Task inputs:
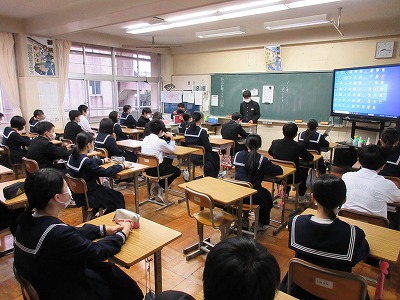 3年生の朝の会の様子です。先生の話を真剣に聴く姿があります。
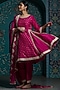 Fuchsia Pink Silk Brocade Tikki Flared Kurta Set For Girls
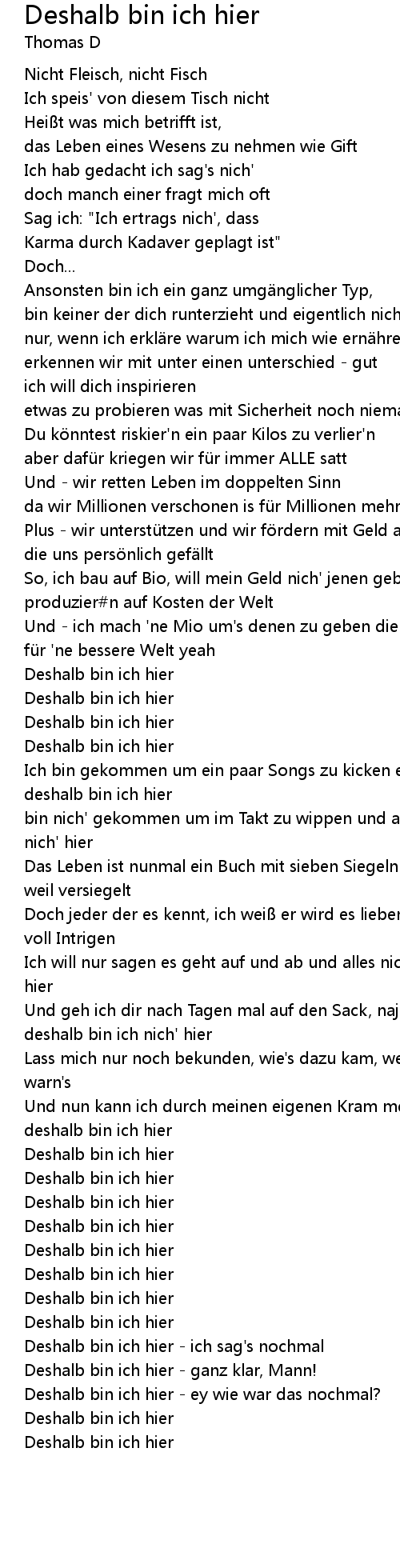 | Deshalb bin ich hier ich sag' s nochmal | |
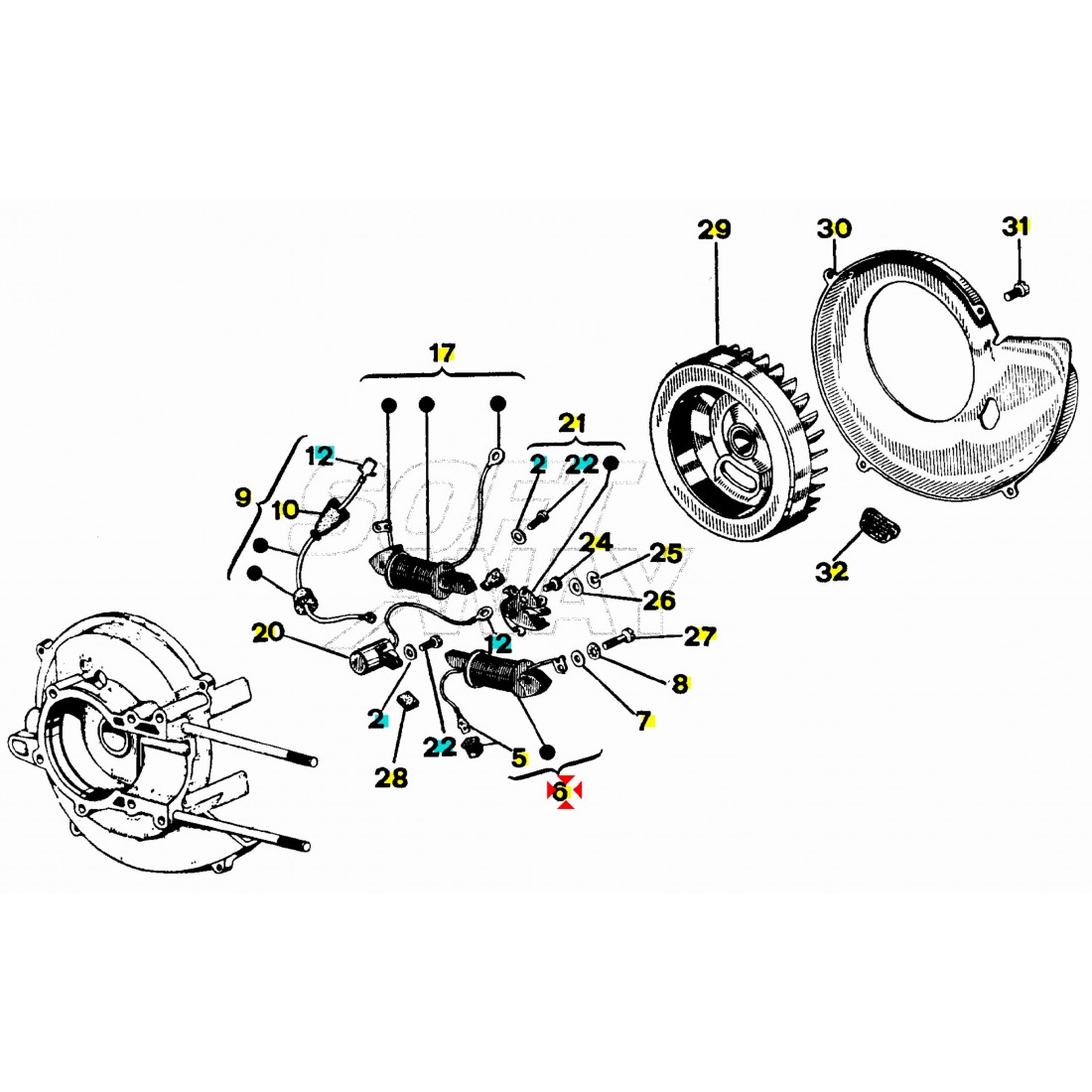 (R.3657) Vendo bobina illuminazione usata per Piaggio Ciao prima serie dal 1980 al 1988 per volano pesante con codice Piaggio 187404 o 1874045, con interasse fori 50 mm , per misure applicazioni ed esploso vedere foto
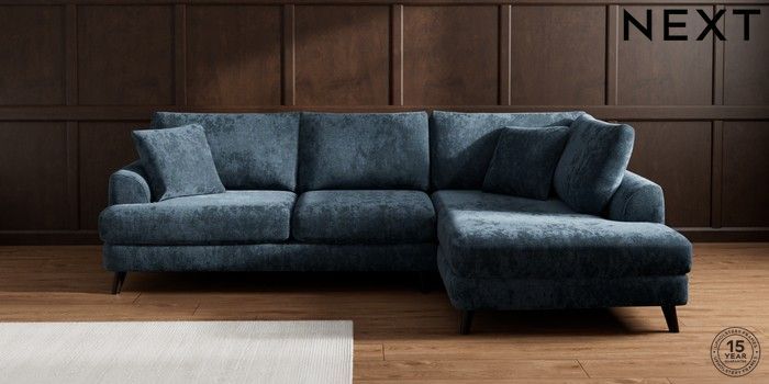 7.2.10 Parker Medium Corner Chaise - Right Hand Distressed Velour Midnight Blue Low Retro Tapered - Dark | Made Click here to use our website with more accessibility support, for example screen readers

The problem:
Your copy of the listing should match it exactly, apart from the pictures, which are left out.

Output:
 3年生の朝の会の様子です。先生の話を真剣に聴く姿があります。
 Fuchsia Pink Silk Brocade Tikki Flared Kurta Set For Girls
 | Deshalb bin ich hier ich sag' s nochmal | |
 (R.3657) Vendo bobina illuminazione usata per Piaggio Ciao prima serie dal 1980 al 1988 per volano pesante con codice Piaggio 187404 o 1874045, con interasse fori 50 mm , per misure applicazioni ed esploso vedere foto
 7.2.10 Parker Medium Corner Chaise - Right Hand Distressed Velour Midnight Blue Low Retro Tapered - Dark | Made Click here to use our website with more accessibility support, for example screen readers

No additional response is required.